In On the Back of an Envelope, he reflects on his time observing post- war Britain and its governance, considering the making and unmaking of prime ministers from Attlee to Truss, the role of the Monarchy, and the changing constitutional landscape in the wake of Brexit and in the midst of uncertainty about the Union. Interspersed with lectures, journalism, and new pieces, Hennessy looks back at a fascinating career, reflecting on his own experiences in the hard-nosed world of Fleet Street in the 1970s and bringing to life a cast of characters from a world now largely gone. He also revisits his time as a public historian, academic, and crossbench peer with a levity reflected in his belief that history is ‘gossip with footnotes’.

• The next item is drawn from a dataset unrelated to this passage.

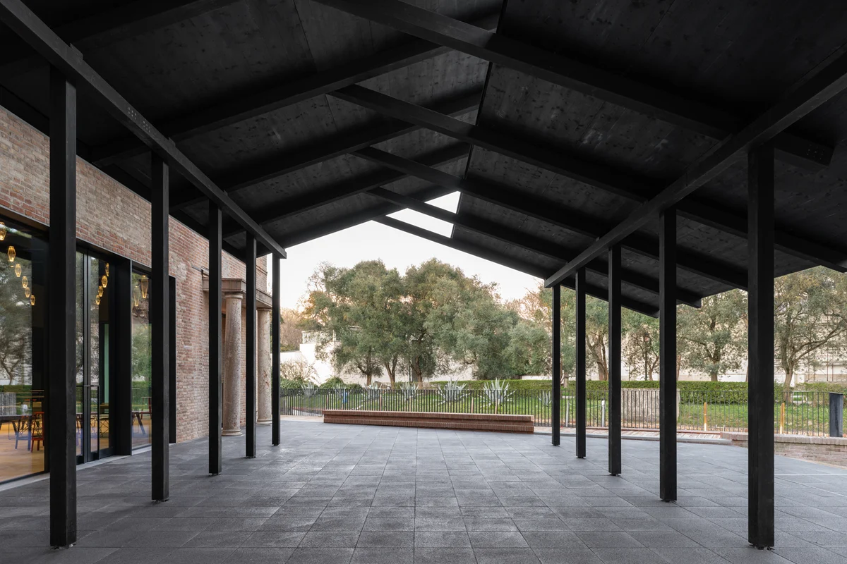 Questo è forse il punto più innovativo dell’intervento: è radicalmente cambiato il rapporto dell’edificio col contesto. Abbiamo aperto il Padiglione verso il giardino e verso l’acqua, enfatizzando questo nuovo legame con delle strutture lignee giustapposte all’esistente.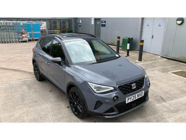 SEAT Arona 1.0 TSI 115 FR Black Edition 5dr DSG Petrol Hatchback, , The SEAT Arona 1.0 TSI 115 FR Black Edition DSG, registered in July 2025, is a polished example of how compact crossovers can combine everyday versatility with a touch of performance flair. With its crisp lines, black styling accents, and confident stance, the Arona in FR Black Edition trim exudes a sporty sophistication rare in this segment. Under the bonnet, the 1.0-litre turbocharged three-cylinder engine delivers a spirited 115PS, perfectly paired with the slick-shifting DSG automatic gearbox for a drive that is both engaging and effortless. The FR suspension setup offers composed handling without sacrificing comfort, making it equally at home on winding B-roads or the daily commute. Inside, the cabin is smartly appointed, with intuitive tech, supportive sports seats, and a clear focus on driver enjoyment. For those seeking a crossover with real character and composure, this latest Arona offers substance, style, and the sharp dynamics SEAT is rightly known for.

PETER HENNESSY is the Attlee Professor of Contemporary British History at Queen Mary University of London and an Honorary Fellow of St John’s College, Cambridge. He is the author of Never Again: Britain 1945–1951 (winner of the NCR Award and the Duff Cooper Prize), Having it So Good: Britain in the Fifties (winner of the Orwell Prize), and Winds of Change: Britain in the Early Sixties, as well as the bestselling The Prime Minister and The Secret State. Hennessy was made an independent crossbench life peer in 2010.
POLLY COUPAR-HENNESSY lives in Sheffield and works in educational publishing. This is her first contribution to a book as a co-author.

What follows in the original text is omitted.